To reduce noise, reset transparency to 1 and reduce the lightsource intensity. Transparency controls the surface transparency, not the transparency of the whole object. Before the subsurface scattering can do anything, light has to pass through the surface, so 1 is a good value for this. Increasing transparency makes the object much brighter so now you need to reduce your light intensity. Your scene had light source intensity 6 and I reduced it to 1. Now it renders with less noise.
Quote from: N-drju on January 07, 2020, 02:29:02 PMI am also confused by the fact that the light in the final picture is apparently handled in a an absurd way. Just take a look at the picture - while the waxy surface is being lit up much better than the few last times, the "burnout rim" of the candle stays completely black... And this is all just a single, uniform object...

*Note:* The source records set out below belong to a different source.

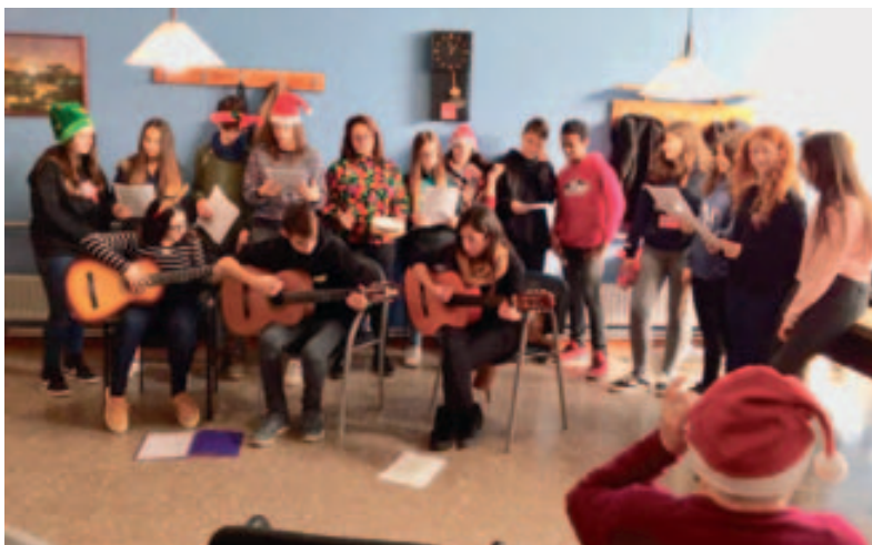
Nadales dels alumnes de l'Institut al Casal de la Gent Gran
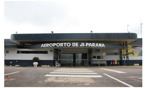
Aeroporto de Ji-Paraná terá um novo terminal de passageiros com capacidade para atender até 240 passageiros por hora-pico.

De acordo com o titular da Coordenadoria de Infraestrutura Aeroportuária
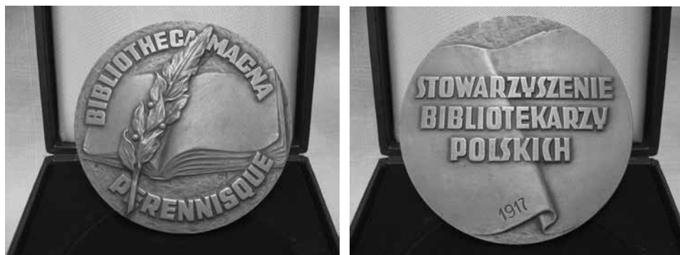
Ryc. 3. Medal „Bibliotheca Magna-Perrenisque” przyznany BG GUMed przez Stowarzyszenie Bibliotekarzy Polskich

Mimo wielu problemów Biblioteka funkcjonuje i dobrze wypełnia na co dzień swoje obowiązki jako system biblioteczno-informacyjny GUMed. W Bibliotece wykonuje się usługi
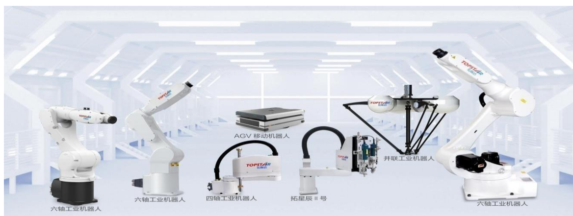
图1：公司的多关节机器人产品节选

2) 直角坐标机器人产品描述：直角坐标机器人又称为机械手，它能够实现自动控制的、可重复编程的、运动自由度间成空间直角关系的、多用途的操作机。公司自主研发、生产的直角坐标机器人采用伺服马达驱动，使用皮带、齿轮、齿条进行传动，并配备高精密线性滑轨以导向运行，使产品具有定位精准、运动速度快、运行稳定等特点，可应用于直线、平面、立体的工件搬运移栽、检测定位、自动装配等工序。
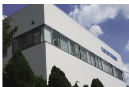
自動車部品技術センター(愛知県)
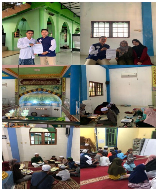
Gambar 4.5 dokumentasi pada saat riset

didukung oleh dokumentasi pada saat riset didapatkan data mengenai peran Komunitas Mengajian Si dalam pelaksanaan dakwah di Kota Banjarmasin sebagai berikut.
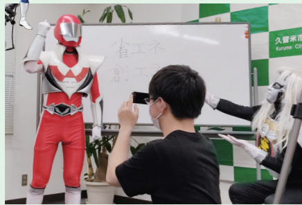
久留米工業高等専門学校の学生と共同で動画などを制作しています
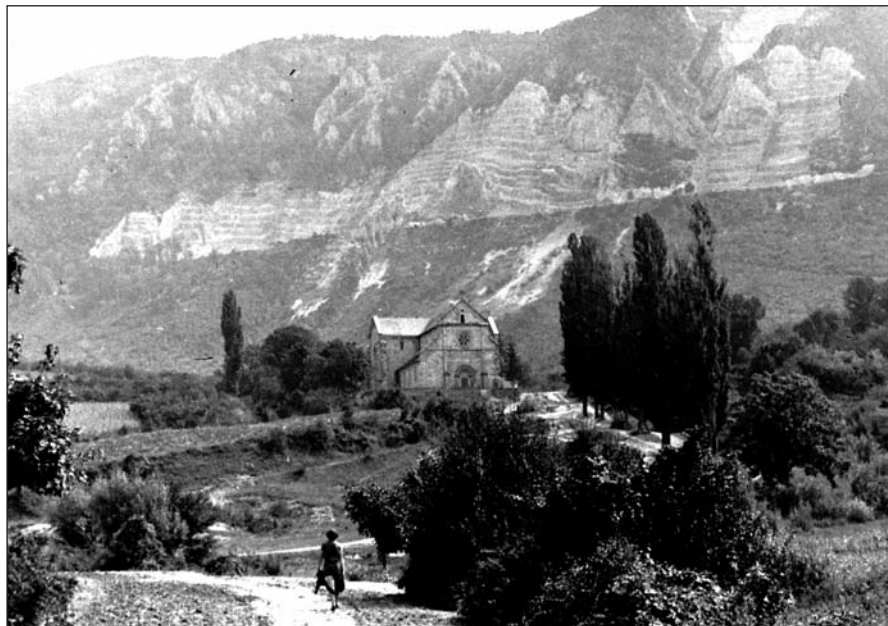
Az apátsági templom (1945)

Bélapátfalva település – mára már város – több mint ezeréves történetében fontos dátum 1232, amikor II. Kilit püspök megalapítja a Béli apátságot a ciszterci szerzetesek részére, ekkor építik a nevezetes apátsági templomot a hozzá kapcsolódó kolostorral. Eredetileg Bélháromkúti apátság néven szerepelt. Kilit püspök nevét fedezhetjük fel a Mónosbél határában álló Gilitka (Szent Anna-) kápolna elnevezésében is.
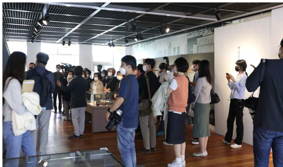
< 특별전 개최 >
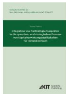
Integration von Nachhaltigkeitsaspekten in die operativen und strategischen Prozesse von Kapitalverwaltungsgesellschaften für Immobilienfonds Ladenpreis: 55,60EUR
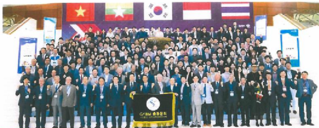
2019.12.14 GYBM 총동문회 창립대회 단체사진 (베트남 하노이 NCC)
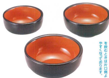
7-526-3 [A] 片口鉢 黒刷毛目内朱
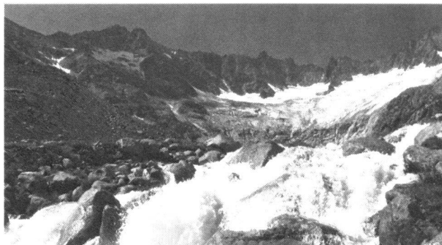
Abb. 2: Dammagletscher und Dammareuss, Göschenalp, Kt. Uri.

Die Herausforderung für die Zukunft wird sein, ein effizientes Ressourcenmanagement zu realisieren, das alle Bereiche umfasst: Landwirtschaft, Industrie, Haushalte,
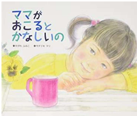
作：せがわふみこ 絵：モツキマリ 発行：金の星社
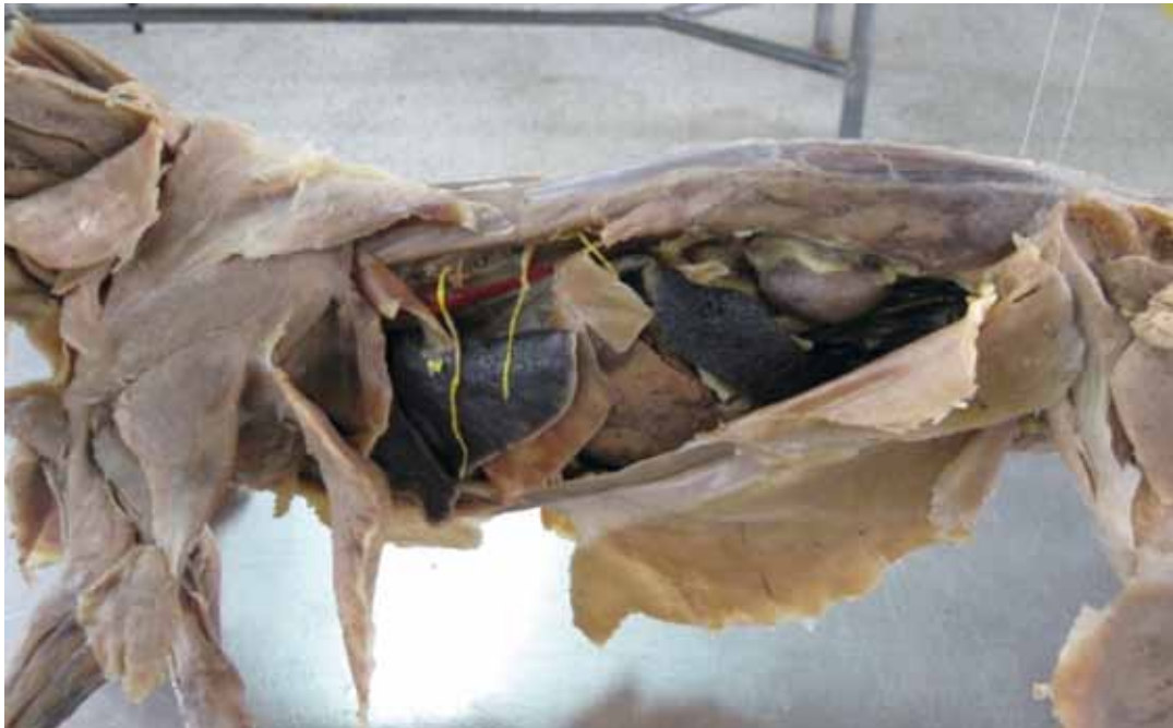
Figura 3. Topografía abdominal y torácica (canino)
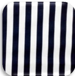
Εικόνα 4: Υφαντό βαμβακερό ύφασμα

This can be improved by changing Lighting Method in PT to "Subsurface scatter in all directions (BETA)". There will still be a sharp line where the candle transitions from the thin rim to the flat section in the middle, but it can be improved by making some more changes.
Increase the specular roughness to 0.8. This scatters the rays entering the wax. It also affects the specular reflections though, so if you need additional sheen on the outer surface you can follow this shader with another reflective shader.
To soften this edge even more, I think you'll need to create wider rim and perhaps more rounded at the bottom. I would also try to round off the edge of the rim because the razor thinness causes the edge to be too transparent. Imagine it is smokey glass that comes to a razor thin edge - this will not scatter any light (EDIT: actually this isn't so bad after making other changes to the shader).